_What is required:_
Take the line containing "用剪刀沿着画好的轮廓线,剪两个桃心和箭剪下来。" and each line after it through the end of the data below, and return them exactly, minus any pictures.

_Given information:_
__________________________________________________
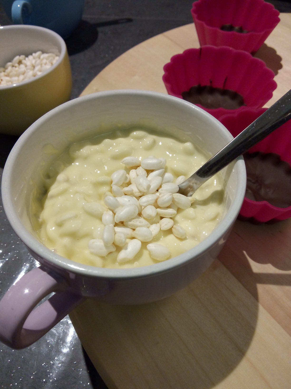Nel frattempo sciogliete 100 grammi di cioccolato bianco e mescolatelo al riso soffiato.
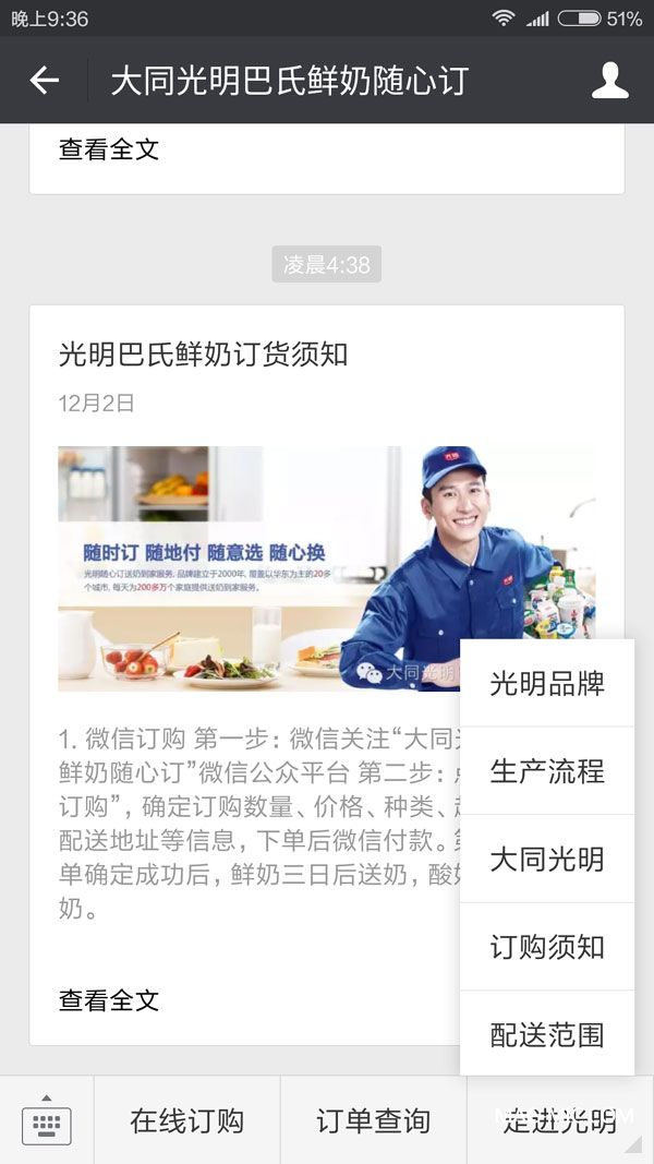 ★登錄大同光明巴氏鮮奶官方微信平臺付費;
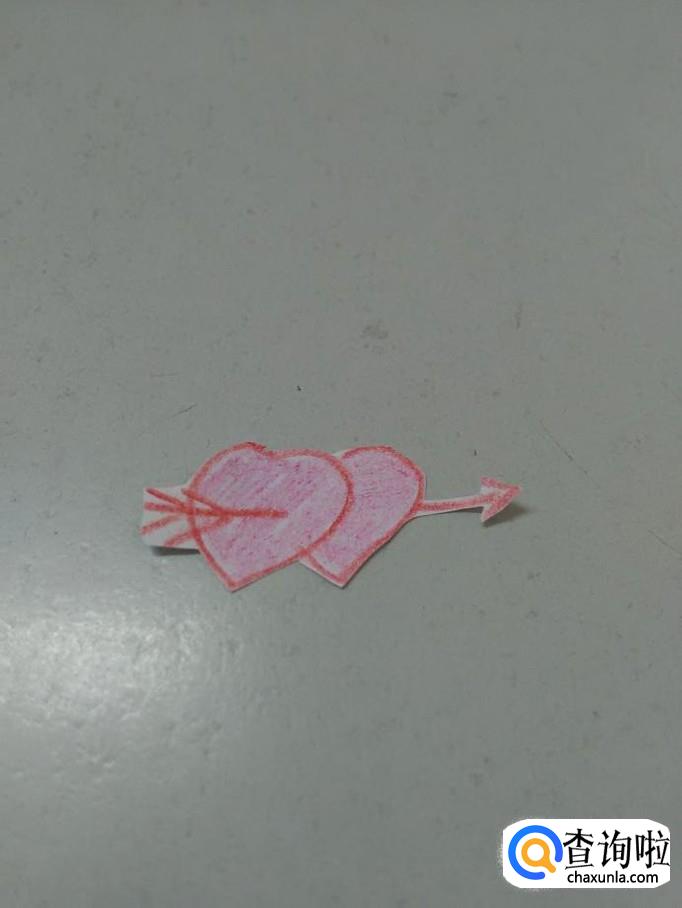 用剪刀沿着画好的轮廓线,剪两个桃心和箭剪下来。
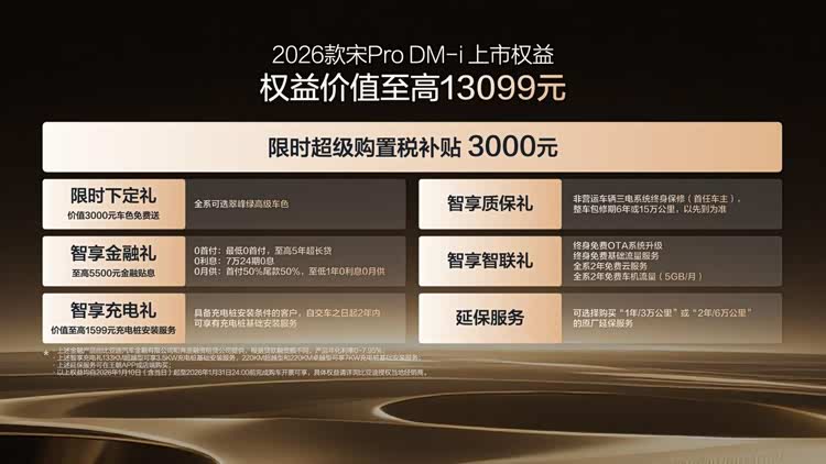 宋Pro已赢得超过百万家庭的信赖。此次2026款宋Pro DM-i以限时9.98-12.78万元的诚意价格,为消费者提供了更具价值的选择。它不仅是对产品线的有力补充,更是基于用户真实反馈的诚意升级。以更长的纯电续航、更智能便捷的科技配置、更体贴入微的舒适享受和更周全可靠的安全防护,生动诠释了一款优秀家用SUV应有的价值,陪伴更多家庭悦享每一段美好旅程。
__________________________________________________
_Solution below:_
 用剪刀沿着画好的轮廓线,剪两个桃心和箭剪下来。
 宋Pro已赢得超过百万家庭的信赖。此次2026款宋Pro DM-i以限时9.98-12.78万元的诚意价格,为消费者提供了更具价值的选择。它不仅是对产品线的有力补充,更是基于用户真实反馈的诚意升级。以更长的纯电续航、更智能便捷的科技配置、更体贴入微的舒适享受和更周全可靠的安全防护,生动诠释了一款优秀家用SUV应有的价值,陪伴更多家庭悦享每一段美好旅程。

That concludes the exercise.